* WORK ITEM: Please retype the listing below exactly as it stands, skipping any pictures.

* SOURCE MATERIAL:
-- Opening Marker --

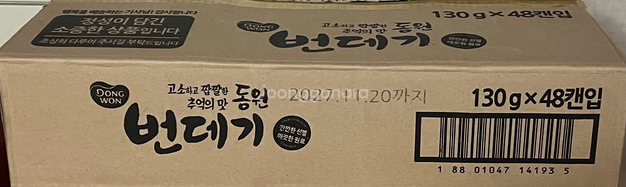 무료배송) 동원 번데기 캔 통조림 130g 48캔 1박스 금액:45000 유통기한: 27.11.20 재고 : 1박스 낱개 구매 안됩니다 !!! 택배는 당일 오후3시30분 이전 입금시 당일17시30분이전 발송 3시30분이후 입금 다음날 발송되니 참고해주세요 우체국 등기 익일배송 주말택배x
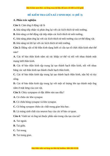 ĐỀ KIỂM TRA GIỮA KÌ 2 SINH HỌC 11 (ĐỀ 3)
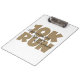 Texto bronzeado, com 10K de RUN e texto preto, com a seguinte redação: Determinação da Resistência na execução de T-shirts, capuzes, botões, bolsas, canecas, adesivos e outros produtos para qualquer pessoa que esteja a treinar ou já tenha gerido um 10K!
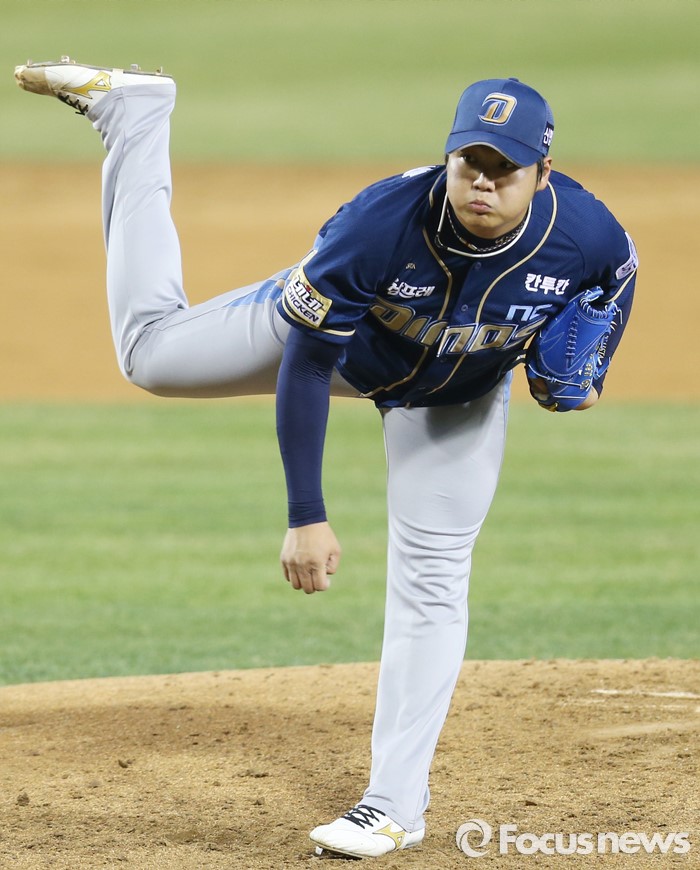 (서울=포커스뉴스) 6일 서울 잠실구장에서 열린 2016 프로야구 NC-두산 경기에서 1회말 NC 선발투수 이민호가 투구하고 있다.

-- Closing Marker --

* EXERCISE ANSWER:
 무료배송) 동원 번데기 캔 통조림 130g 48캔 1박스 금액:45000 유통기한: 27.11.20 재고 : 1박스 낱개 구매 안됩니다 !!! 택배는 당일 오후3시30분 이전 입금시 당일17시30분이전 발송 3시30분이후 입금 다음날 발송되니 참고해주세요 우체국 등기 익일배송 주말택배x
 ĐỀ KIỂM TRA GIỮA KÌ 2 SINH HỌC 11 (ĐỀ 3)
 Texto bronzeado, com 10K de RUN e texto preto, com a seguinte redação: Determinação da Resistência na execução de T-shirts, capuzes, botões, bolsas, canecas, adesivos e outros produtos para qualquer pessoa que esteja a treinar ou já tenha gerido um 10K!
 (서울=포커스뉴스) 6일 서울 잠실구장에서 열린 2016 프로야구 NC-두산 경기에서 1회말 NC 선발투수 이민호가 투구하고 있다.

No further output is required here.